What is wanted is every line below from the one with "Work pays America!" up to and including the one with "Son 7 gün içinde", retyped exactly, pictures excluded, nothing else.

Records to process:
*** Begin section ***

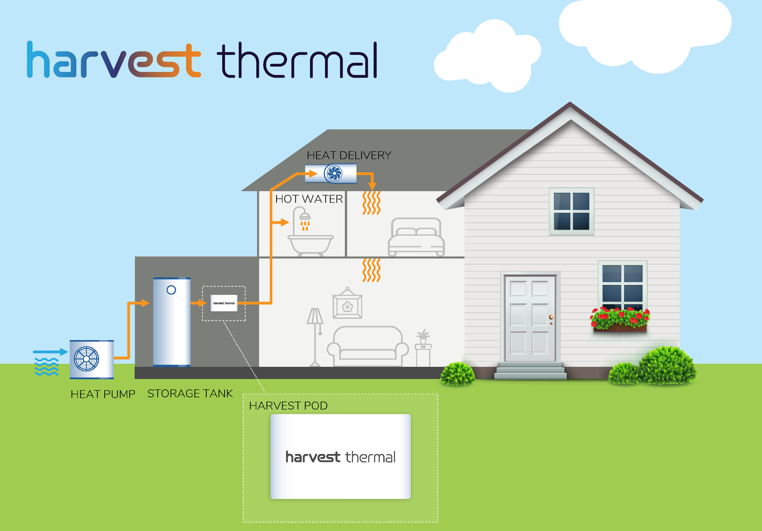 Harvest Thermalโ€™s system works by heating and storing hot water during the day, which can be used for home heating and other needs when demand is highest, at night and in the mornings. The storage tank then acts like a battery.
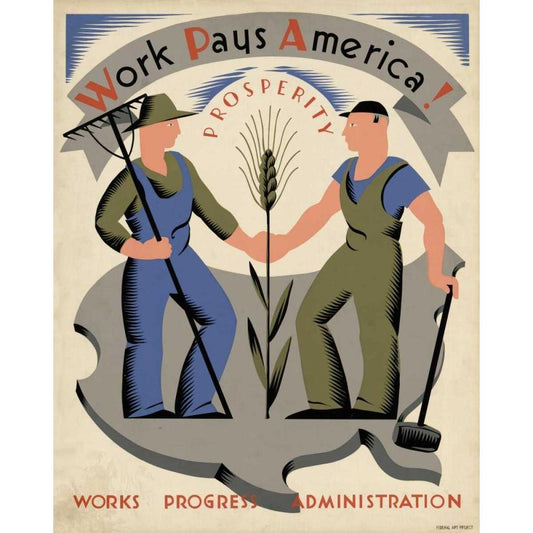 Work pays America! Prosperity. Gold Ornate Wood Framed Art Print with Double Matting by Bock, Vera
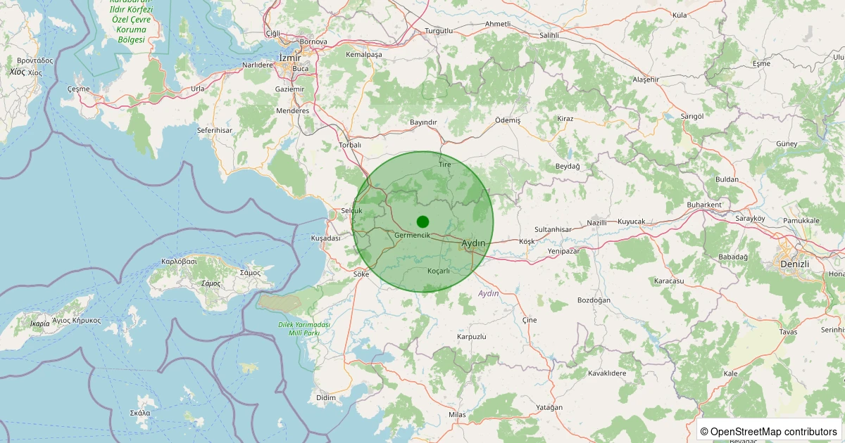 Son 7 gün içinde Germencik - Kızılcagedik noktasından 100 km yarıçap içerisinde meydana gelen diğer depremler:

*** End section ***
*** Begin section ***

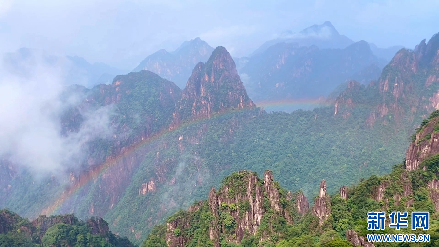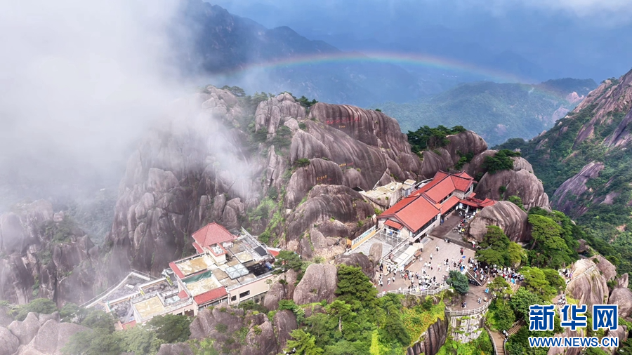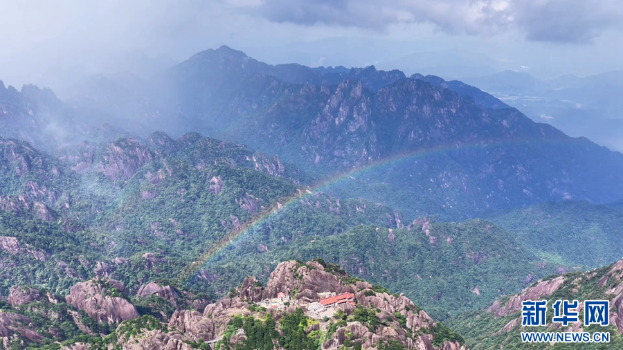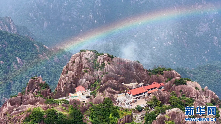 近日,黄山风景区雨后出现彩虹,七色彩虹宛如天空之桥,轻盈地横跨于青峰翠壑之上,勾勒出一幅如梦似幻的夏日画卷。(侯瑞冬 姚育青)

*** End section ***

Written reply:
 Work pays America! Prosperity. Gold Ornate Wood Framed Art Print with Double Matting by Bock, Vera
 Son 7 gün içinde Germencik - Kızılcagedik noktasından 100 km yarıçap içerisinde meydana gelen diğer depremler:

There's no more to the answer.